ACSLは1月7日から14日まで、輪島市から要請を受けたJUIDA(一般社団法人日本UAS産業振興協議会)の災害対策活動に合流した。現地には同社製のドローンも持ちこんだ。空撮用ドローンSOTENは4機、持参した。また、途中で交代した人員も含め延べ6人が現地で活動した。
現地入りしたときには、土砂災害や家屋倒壊、道路寸断などで周囲の状況把握がままならないことが最大の課題で、「とにかく被災状況を撮影できれば、という状況だった」という。
SOTENは高い情報漏洩防止機能が特徴だが、現場で重宝されたのはまずは「防水性」だったという。災害対策活動中、輪島市では雨や雪が降っていた。その中でも被災状況を急いで把握する必要があったため、「カメラやバッテリーを搭載した状態でIP43の防水性を持つSOTENは問題なく飛行でき」頼られたという。
ACSLと同じタイミングで、株式会社エアロネクスト(東京)と、エアロネクストの物流事業を担うグループ会社株式会社NEXT DELIVERY(小菅村<山梨県>)がJUIDAの災害活動に合流した。ACSLとエアロネクストが共同開発したAirTruckも2機持ちこまれたため、AirTruck物流・配送をエアロネクストとNEXT DELIVERYが担い、ACSLは空撮を担ったという。

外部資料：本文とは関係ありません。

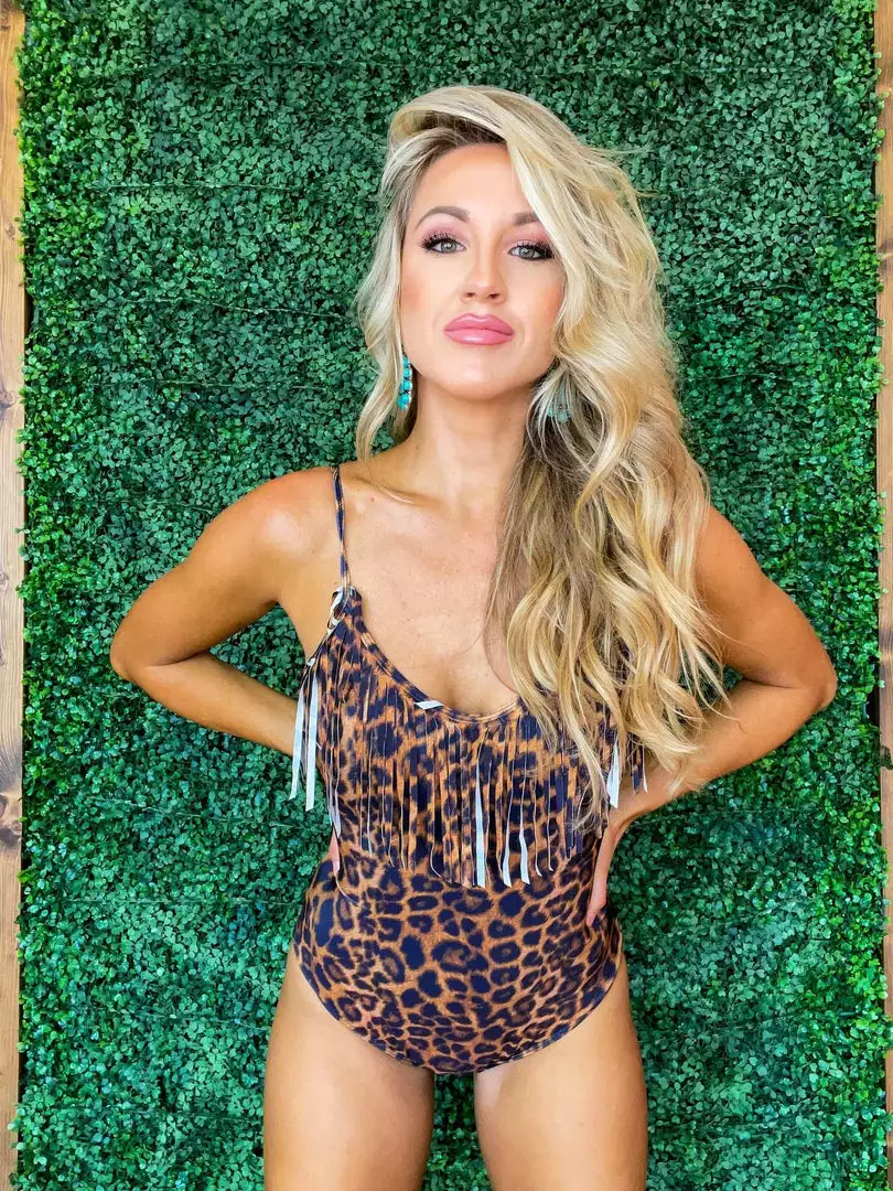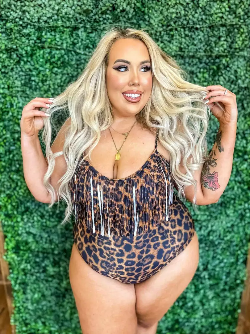 This hot little number is not your grandmothers one-piece! Our sassy leopard print one-piece swimsuit features a fringe trim along the neckline which not only gives you extra coverage but is super flattering for a small bust! A great swimsuit for curvy chics!

ACSLの現地活動は一週間を超えた。エアロネクスト、NEXT DELIVERYは1月16日現在も現地に滞在し、引き続き活動を続けている。輪島市でもドローンの有効性が改めて見直される機会になっているという。ACSLは今後、被災地の活動の局面が推移に伴い、改めて情報セキュリティの高さが求められる可能性もあるとみている。